# PM-1440GT Lathe won't power on



## jimbo fury (Jun 6, 2021)

Bought this lathe brand new last year and just now finally got everything set up and ready to go......and it won't power on. I have verified I have power coming in and I have power coming in and out of the transformer. I've checked the foot brake limit switch. Can't figure out why I am not powering up the machine. Any help would be great please. I'm sure once I figure it out I will love this lathe until the end of time.


----------



## Aukai (Jun 6, 2021)

Take the metal spade for the safety switch off of the door/belt housing, and insert it into the the receiver manually. It may not be seating, and completing the safety circuit. I think when PM does their run testing they put in a dummy one, it must have run before it was shipped out.


----------



## mksj (Jun 6, 2021)

In the past with another 1440GT the belt cover switch was faulty and in other cases the switch came loose and was not engaging. You should have a power on light at the front. You can also try to jumper the cover safety switch, also some other models have a chuck key guard with a micro switch, so it must be down. Below is what I mapped out a while ago, but it seems to vary a bit with the production date.


----------



## Stonebriar (Jun 6, 2021)

I have to ask. Is the red button on the front panel(STOP) pushed in. Twist it and let it pop out.


----------



## jimbo fury (Jun 6, 2021)

Stonebriar said:


> I have to ask. Is the red button on the front panel(STOP) pushed in. Twist it and let it pop out.

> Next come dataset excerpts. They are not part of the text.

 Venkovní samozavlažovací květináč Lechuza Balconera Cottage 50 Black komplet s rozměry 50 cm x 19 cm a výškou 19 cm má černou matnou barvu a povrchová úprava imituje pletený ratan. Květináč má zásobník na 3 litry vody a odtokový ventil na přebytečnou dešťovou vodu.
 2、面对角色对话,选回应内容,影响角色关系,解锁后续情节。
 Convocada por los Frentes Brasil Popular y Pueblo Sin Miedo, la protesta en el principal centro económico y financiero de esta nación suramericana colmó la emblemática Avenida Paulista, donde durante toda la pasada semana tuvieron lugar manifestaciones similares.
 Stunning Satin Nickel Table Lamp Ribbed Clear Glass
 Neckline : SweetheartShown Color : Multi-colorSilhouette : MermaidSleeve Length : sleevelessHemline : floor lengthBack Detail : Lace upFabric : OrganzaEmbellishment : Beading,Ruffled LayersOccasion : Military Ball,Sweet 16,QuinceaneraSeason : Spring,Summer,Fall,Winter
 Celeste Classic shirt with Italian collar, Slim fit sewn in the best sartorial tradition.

No, I checked that first lol.


----------



## 7milesup (Jun 6, 2021)

How about the chuck guard, is that down?  I know someone that did that once (or twice)


----------



## parshal (Jun 6, 2021)

I wish mine had a chuck guard.  I get tired of oil slinging all over me and the truck right behind it.


----------



## 7milesup (Jun 6, 2021)

parshal said:


> I wish mine had a chuck guard.  I get tired of oil slinging all over me and the truck right behind it.


Yeah, I actually really like the one on my new 1440 Eisen.


----------



## bill70j (Jun 6, 2021)

Aukai said:


> Take the metal spade for the safety switch off of the door/belt housing, and insert it into the the receiver manually. It may not be seating, and completing the safety circuit. I think when PM does their run testing they put in a dummy one, it must have run before it was shipped out.

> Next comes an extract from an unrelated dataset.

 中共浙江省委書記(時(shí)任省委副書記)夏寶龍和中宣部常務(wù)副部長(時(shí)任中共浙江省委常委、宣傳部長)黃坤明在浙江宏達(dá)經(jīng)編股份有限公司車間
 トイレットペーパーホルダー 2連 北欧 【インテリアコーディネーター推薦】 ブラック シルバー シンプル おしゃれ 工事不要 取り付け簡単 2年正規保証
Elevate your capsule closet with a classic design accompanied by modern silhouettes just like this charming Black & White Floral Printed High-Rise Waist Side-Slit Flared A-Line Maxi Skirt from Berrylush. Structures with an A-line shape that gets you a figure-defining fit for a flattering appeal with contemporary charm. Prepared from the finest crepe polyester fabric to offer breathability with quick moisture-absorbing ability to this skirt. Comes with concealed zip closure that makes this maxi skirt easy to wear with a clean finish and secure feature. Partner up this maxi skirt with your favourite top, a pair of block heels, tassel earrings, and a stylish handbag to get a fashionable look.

This is precisely what happened with my 1440GT.  It was the thing Matt had me check first.


----------



## parshal (Jun 6, 2021)

7milesup said:


> Yeah, I actually really like the one on my new 1440 Eisen.

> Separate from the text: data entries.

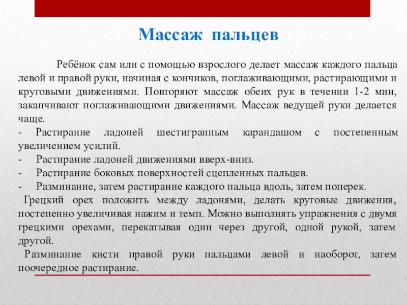 помощью взрослого делает массаж каждого пальца левой и правой руки, начиная с кончиков, поглаживающими, растирающими и круговыми движениями. Повторяют массаж обеих рук в течении 1-2 мин, заканчивают поглаживающими движениями. Массаж ведущей руки делается чаще.
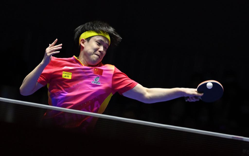 2月21日,中國(guó)隊(duì)球員王楚欽在第一盤比賽中回球。新華社記者 陶希夷 攝
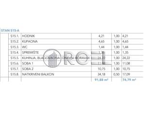 The apartment is located on the first floor of a modern new building with an elevator, NKP 74.79 m2. Very modern design of the building and built to the highest standards. It consists of a hallway (4.21 m2), storage room (1.35 m2), bathroom (4.65 m2), toilet (1.44 m2), kitchen, living room and dining room (24.22 m2), two bedrooms (11.08 and 10.75 m2) and a covered balcony of 34.18 m2 (17.09 m2). The living area of the apartment is 57.7 m2. The orientation of the apartment is north and west.
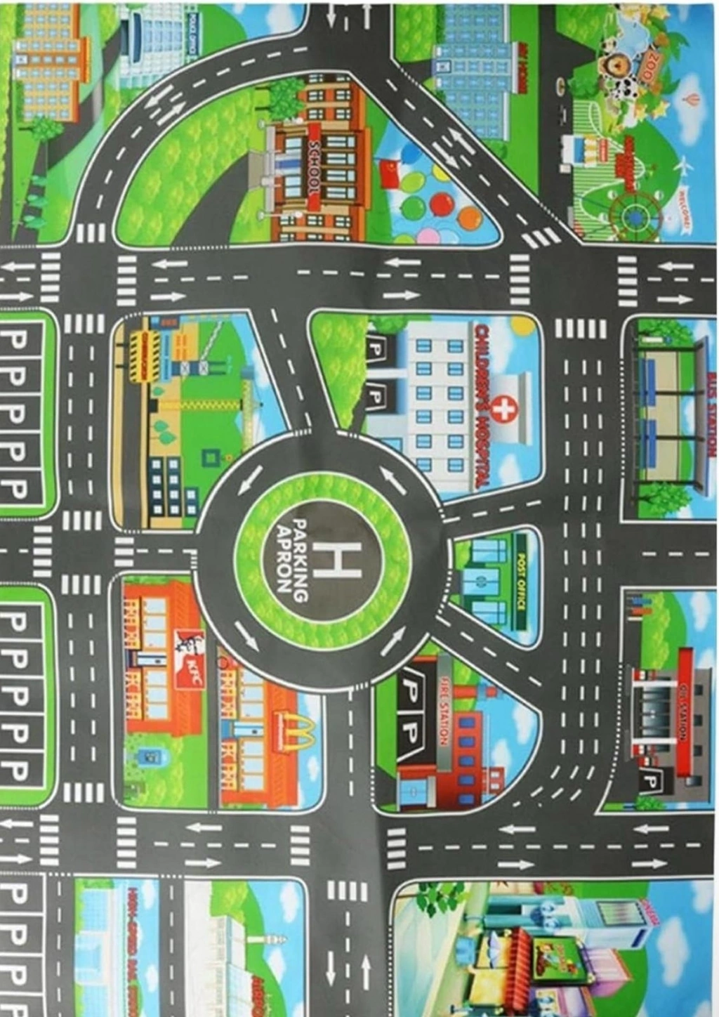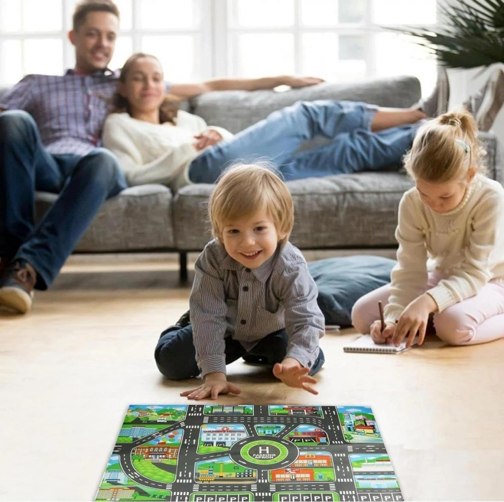 Yolda Oyun Süresi: Araba Halımızda renkli bir şehir manzarasını keşfedin ve canlı yollar ve binalarla yol maceralarını daha ilginç hale getirin. Çocuğunuzun hayal gücünü harekete geçirin ve daha fazla eğlenceyi teşvik eden canlı bir oyun alanı yaratın.

If I ever get another lathe that's what I'm getting.


----------



## Firstgear (Jun 7, 2021)

Aukai said:


> Take the metal spade for the safety switch off of the door/belt housing, and insert it into the the receiver manually. It may not be seating, and completing the safety circuit. I think when PM does their run testing they put in a dummy one, it must have run before it was shipped out.


When mine doesn’t fire up, that is always the first place I look, the cover safety switch. Oh yeah, the face guard….have done that a few times too!


----------



## jimbo fury (Jun 7, 2021)

It was the belt cover safety switch. I took that cover off before and never noticed a switch in there. Metal pegs were too high and didn't engage. Lathe running like a champ. I appreciate the help.


----------



## Aukai (Jun 7, 2021)

Awesome glad you found it


----------



## Janderso (Jun 7, 2021)

Outstanding!


----------



## jimbo fury (Jun 7, 2021)

I feel like an idiot for missing this lol.


----------



## Aukai (Jun 7, 2021)

The take off covers are difficult to line up, having to line up 2 studs, and the spade....


----------